Given the sensitive nature of what we send via email, it's best to encrypt your email when exchanging sensitive, personal information. However, all email encryption is not equal. The biggest email providers — Outlook, Gmail, Yahoo, and iOS — each have their own bells and whistles, and each comes with their own caveats. Your best bet to protect your emails? A three-prong encryption plan that includes enabling your email provider’s confidential settings, using a VPN, and pairing both with a separate encryption app.    

During the dial-up days, an encrypted email was the stuff of spy movies. Back then, emails typically zipped from sender to recipient unprotected.

In fact, sending an email a few decades ago was not much different from passing a note in class: If someone wanted to intercept your message and read it, they probably could.

Today, emails have become a lifeline for every facet of life. We communicate with our tax accountants over email, share our children’s birth certificates with schools over email, and the list goes on.

Given the sensitive nature of what we send, simple note-passing is no longer the safest way to exchange information.

What is email encryption? 

Online encryption is a way of scrambling a message — its path, addresses, and sometimes, its content — to protect the information from cyber snoops and thieves.

To open an encrypted email, the recipient must have a way to decode it, typically in the form of a passkey.

Say you get an email from a trusted source. You open the email and see a box that reads, “Click to open.” You click and then you receive (via text or email) a short string of numbers and/or letters.

You enter that “passcode” as prompted, and voila: The email, including its contents and attachments, is accessible.

Any time you share sensitive personal information via email, you should enable encryption. That includes personal information (PI), financial information, legal documents, personal records, or any other information you don’t want others to steal.

How to encrypt an email 

The general problem with encryption services today is that they often only work as intended (or to full capacity) if both the sender and the recipient are using the same email provider, the same security protocols, and/or the same encryption app.

Getting all your contacts to use your email provider, get their own "Certificate of Authenticity" (a digital ID that verifies an entity is who they claim to be), and/or download your favorite encryption app may not be a feasible option.

That said, by implementing these three safety precautions, you’ll be in excellent shape:  

  • Enable all the encryption capabilities and confidential settings your email provider offers. In recent years, mail service providers have improved their privacy features. If you enable those and send correspondence over a VPN (more on that below), your messages are not the “low-hanging fruit” unprotected emails are. Your built-in encryption options will vary based on the email provider you use, the type of account you have, and the device you're on. 

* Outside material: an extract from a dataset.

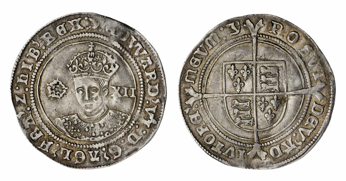 Edward VI (1547-1553), Third Period, Fine Silver Issue, Shilling, 1551, Tower, (m.m.) EDWARD '. VI : D '. G '. AGL '. FRA '. Z : hIB '. REX : crowned bust facing, Tudor rose to left, denomination to right, rev. POSVI DEV .' A DIVTOR E .' MEV '. square-topped shield over long cross fourchée, 6.08g, 5h, m.m. Y (North 1937; Spink 2482), '1547' lightly graffitied above the shield, softness in parts, otherwise on a pleasing round flan and a mostly pleasing portrait, bolder very fine

  • Use an encryption app or service that’s compatible with your email provider. This is the most simple and efficient way to encrypt the actual content of your messages and attachments. Encryption apps like these typically enable what’s called end-to-end encryption (E2EE).

  • Send email while connected to a VPN. The VPN included in select Allstate Identity Protection plans sends your emails via what’s essentially an encrypted channel.  


Fast Facts

Encryption lingo

Encryption lingo can be intimidating and confusing. To understand the basics, know that email encryption can be divided into two categories: 

  • TSL: “Transport Layer Security.” Messages that are TSL-compliant travel on encrypted channels, but the content of the actual message is not encrypted. For TSL encryption channels to work, both the sender and the recipient’s service providers must employ the security protocol.  

  • EE2E: “End-to-end encryption.” The “message envelope” and its content — message and attachments — are scrambled.  Only the sender and intended recipient can decipher the content.  

What to do if you receive an encrypted email 

Bad actors are at it again, this time sending encrypted emails that direct recipients to share their log-in credentials on fake sites that look like real ones.

The best defense against this is to only open an encrypted email if you are expecting one from a trusted source.

The types of content that are encrypted usually travel with specific intentions. For example, your accountant shares your tax returns, and you must unlock (unencrypt) them with a passcode. In such a case, both parties are aware of the exchange and expect it.

When in doubt, confirm the sender sent it in a separate email, by text, or by phone.